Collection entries

((

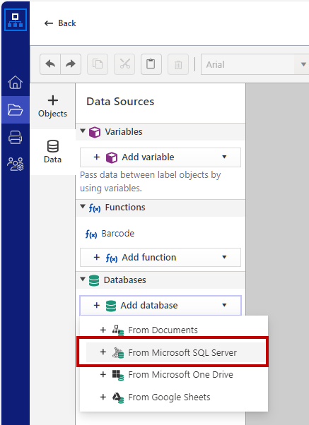 Connect your database to your label design to avoid manually typing your content and minimize user errors.
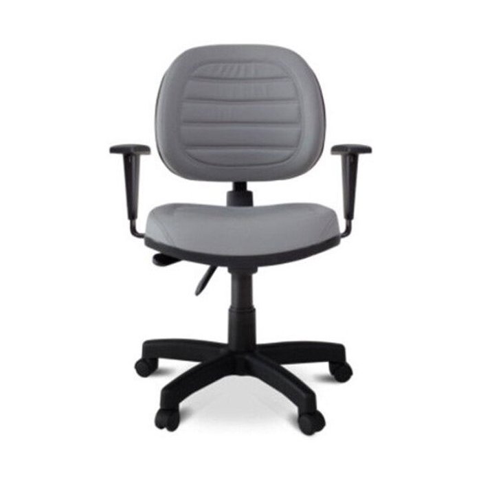 Cadeira executiva espaldar médio/baixo em madeira compensada de 12mm e espuma injetada com 45mm de altura. Base giratória tipo back-system, com regulagem de altura a gás. Costuras laterais (faixas). Costura central nas opções: gomada vermelha. Assento e encosto com capa de proteção em polipropileno**.
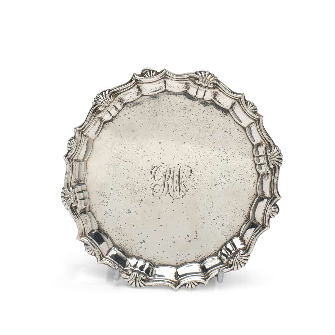 en argent, de forme polylobée. La bordure ornée de filets retenus par des coquilles. Le centre monogrammé RW.
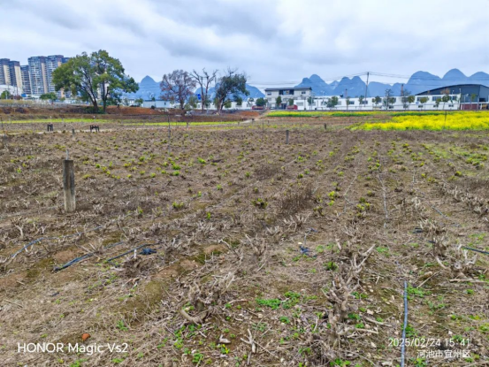 已是2月下旬,我們來看下蠶桑主產(chǎn)區(qū)廣西宜州今天的桑園,有些地塊已經(jīng)發(fā)芽。結(jié)合近期天氣因素綜合來看,今年宜州區(qū)桑樹發(fā)芽情況略遲于去年。
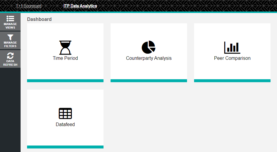 The dashboard displays a module for each report type and allows you initiate a report, manage your views, refresh the data, or view your T+1 scorecard.
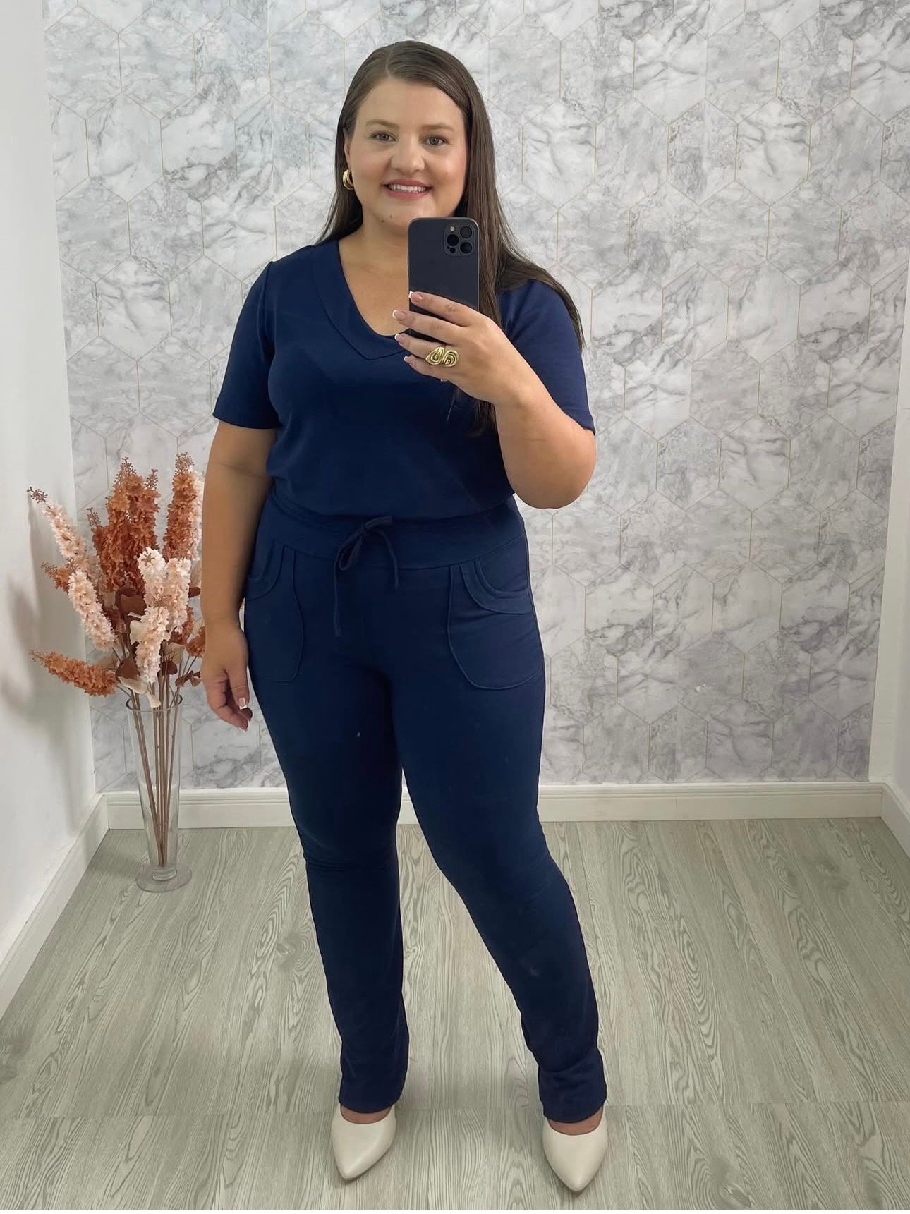 Conjunto moletinho de calça e blusa manga curta, perfeito para o dia a dia. Super confortável e casual, ideal para aqueles momentos em que você quer estar bem vestida, mas sem abrir mão do conforto. A calça tem um corte moderno, e a blusa de manga curta garante frescor nos dias mais quentes. Um look simples, mas cheio de estilo!
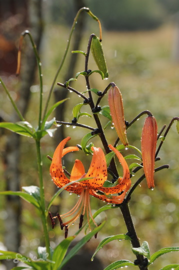 Meillä oli todella kuiva kesä. Kaivoissa oli vesi hälyttävän alhaalla. Kun sade viimein elokuun puolivälissä tuli, ryntäsin pihalle kuvaamaan ihanaa kaivattua virkistävää sadetta. Peurat olivat onneksi jättäneet muutaman nupun tiikerililjaan, niin sain tämän mehukkaan kuvan.
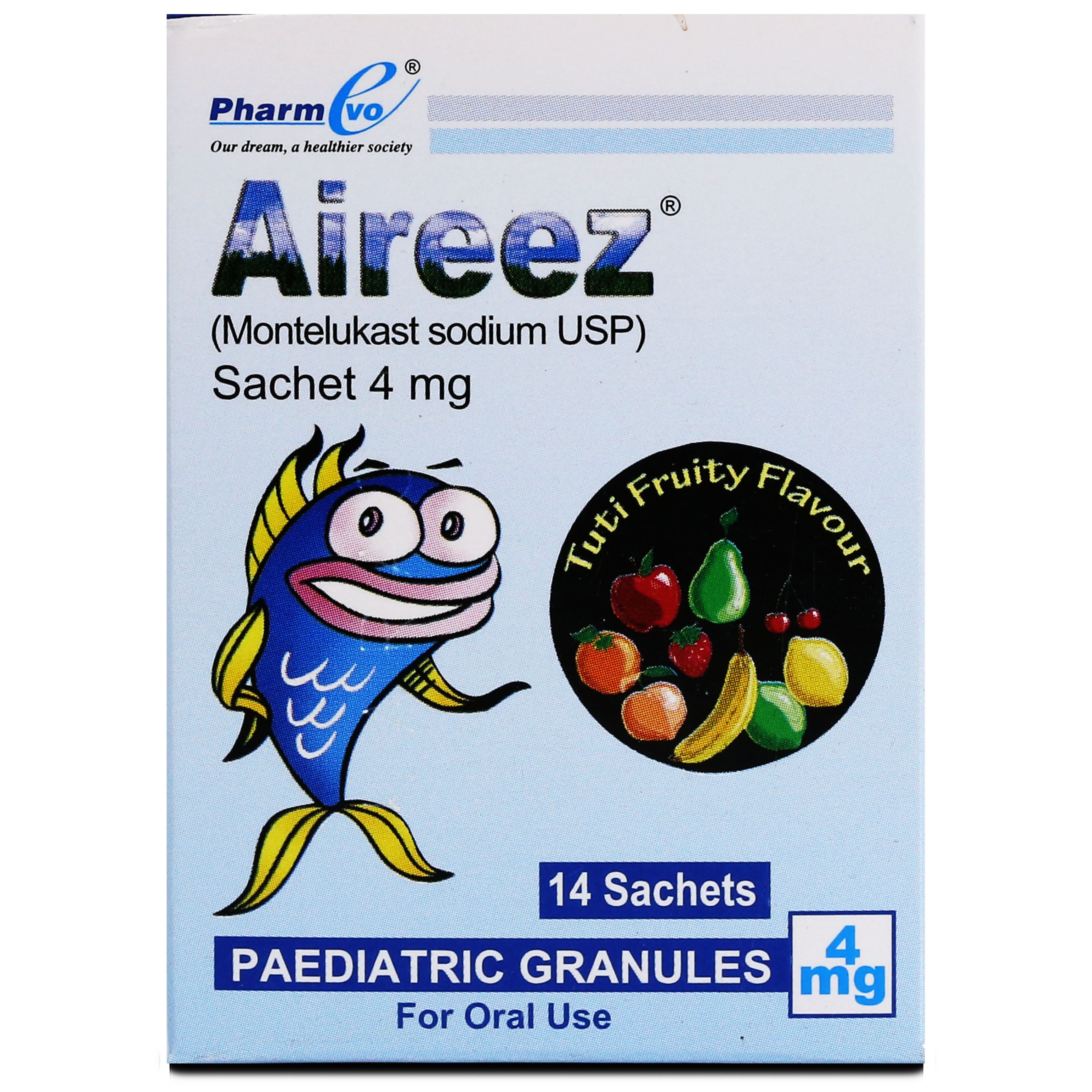 - Aireez 4mg Sachet 1 ‘S(14) is commonly prescribed for pediatric (for toddlers and children) use
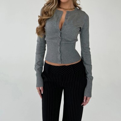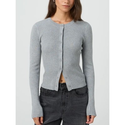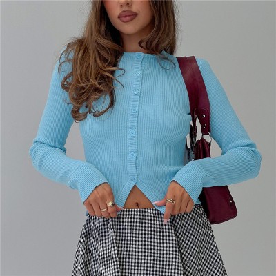Long Sleeve Round Neck Button Up Ribbed Knitwear
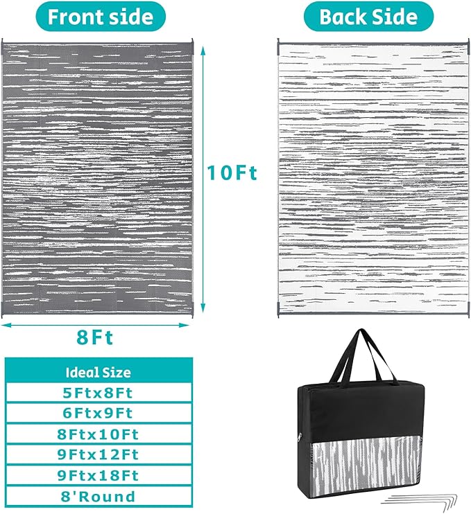 - XXL Large Reversible Outdoor Rugs: Featuring a classic striped pattern on both sides, this rectangular 8x10 ft outdoor area rug allows you to instantly refresh your patio, porch, backyard, deck, RV campsite. And this outdoor deck rug is reversible, two-sided design allows you to have two different looks,both sides can blend perfectly with nature and look very full and comfortable.
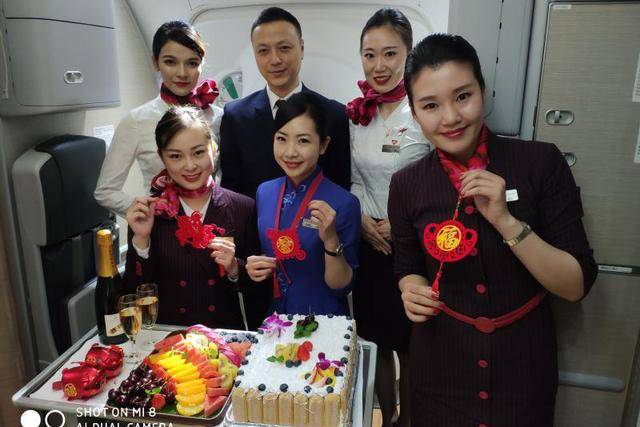 餐饮结束后,客舱经理邀请两位白金卡旅客共同切开了纪念蛋糕,并一起举杯,庆贺首航成功。航程中还为所有旅客准备了新年吉祥挂件,“福字”和“鸿运小猪”,送给旅客的同时,给大家也拜个早年,预祝所有旅客万事如意,身体健康!
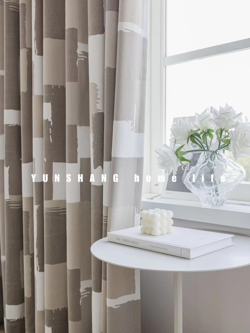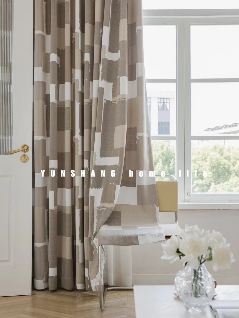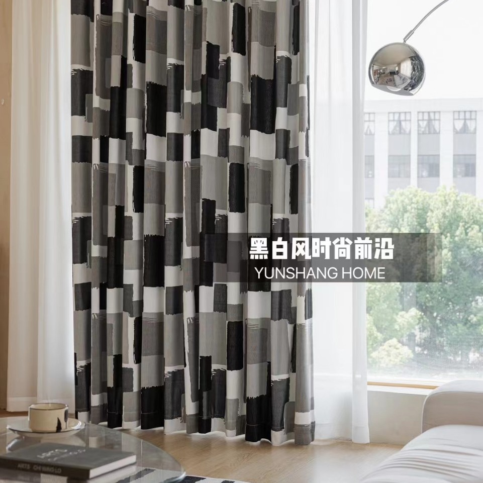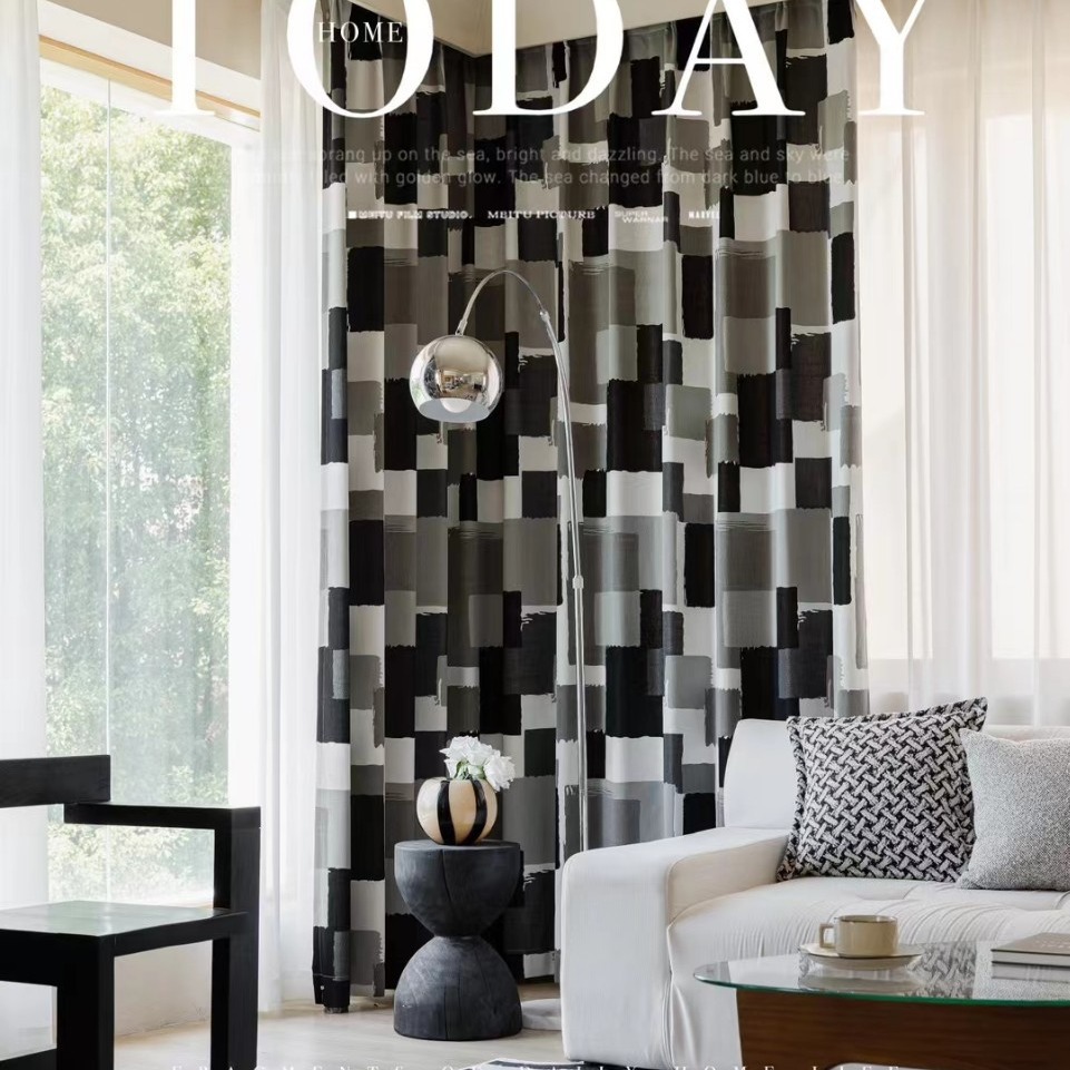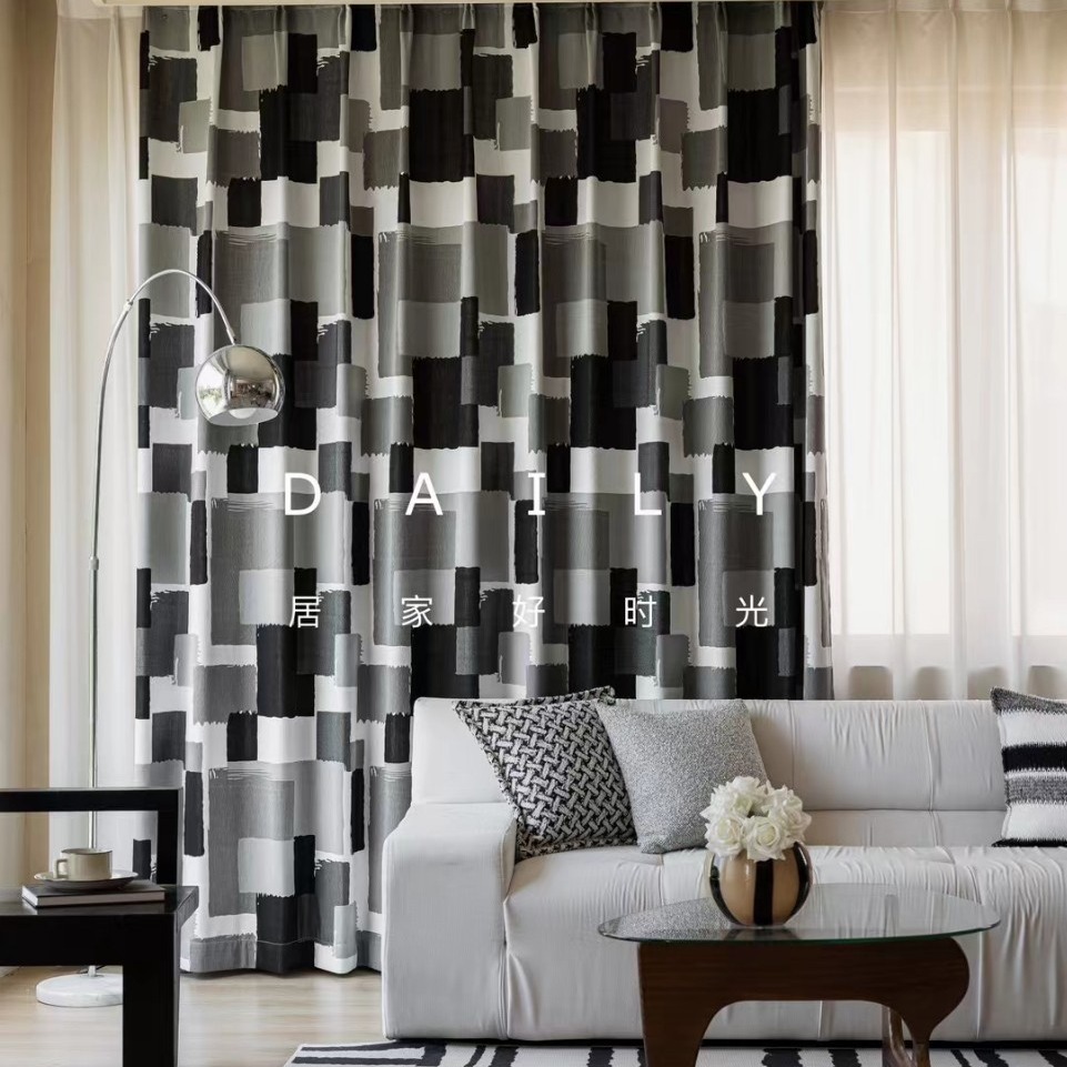 세련된 빛 럭셔리 셔닐 흑백 격자 현대 고급 미국 복고풍 완성 커튼 거실 침실 새로운 기하학스토어 가기

))

**Task directions:** Transcribe the records above exactly and drop every picture.

**Problem solution:**
 Connect your database to your label design to avoid manually typing your content and minimize user errors.
 Cadeira executiva espaldar médio/baixo em madeira compensada de 12mm e espuma injetada com 45mm de altura. Base giratória tipo back-system, com regulagem de altura a gás. Costuras laterais (faixas). Costura central nas opções: gomada vermelha. Assento e encosto com capa de proteção em polipropileno**.
 en argent, de forme polylobée. La bordure ornée de filets retenus par des coquilles. Le centre monogrammé RW.
 已是2月下旬,我們來看下蠶桑主產(chǎn)區(qū)廣西宜州今天的桑園,有些地塊已經(jīng)發(fā)芽。結(jié)合近期天氣因素綜合來看,今年宜州區(qū)桑樹發(fā)芽情況略遲于去年。
 The dashboard displays a module for each report type and allows you initiate a report, manage your views, refresh the data, or view your T+1 scorecard.
 Conjunto moletinho de calça e blusa manga curta, perfeito para o dia a dia. Super confortável e casual, ideal para aqueles momentos em que você quer estar bem vestida, mas sem abrir mão do conforto. A calça tem um corte moderno, e a blusa de manga curta garante frescor nos dias mais quentes. Um look simples, mas cheio de estilo!
 Meillä oli todella kuiva kesä. Kaivoissa oli vesi hälyttävän alhaalla. Kun sade viimein elokuun puolivälissä tuli, ryntäsin pihalle kuvaamaan ihanaa kaivattua virkistävää sadetta. Peurat olivat onneksi jättäneet muutaman nupun tiikerililjaan, niin sain tämän mehukkaan kuvan.
 - Aireez 4mg Sachet 1 ‘S(14) is commonly prescribed for pediatric (for toddlers and children) use
Long Sleeve Round Neck Button Up Ribbed Knitwear
 - XXL Large Reversible Outdoor Rugs: Featuring a classic striped pattern on both sides, this rectangular 8x10 ft outdoor area rug allows you to instantly refresh your patio, porch, backyard, deck, RV campsite. And this outdoor deck rug is reversible, two-sided design allows you to have two different looks,both sides can blend perfectly with nature and look very full and comfortable.
 餐饮结束后,客舱经理邀请两位白金卡旅客共同切开了纪念蛋糕,并一起举杯,庆贺首航成功。航程中还为所有旅客准备了新年吉祥挂件,“福字”和“鸿运小猪”,送给旅客的同时,给大家也拜个早年,预祝所有旅客万事如意,身体健康!
 세련된 빛 럭셔리 셔닐 흑백 격자 현대 고급 미국 복고풍 완성 커튼 거실 침실 새로운 기하학스토어 가기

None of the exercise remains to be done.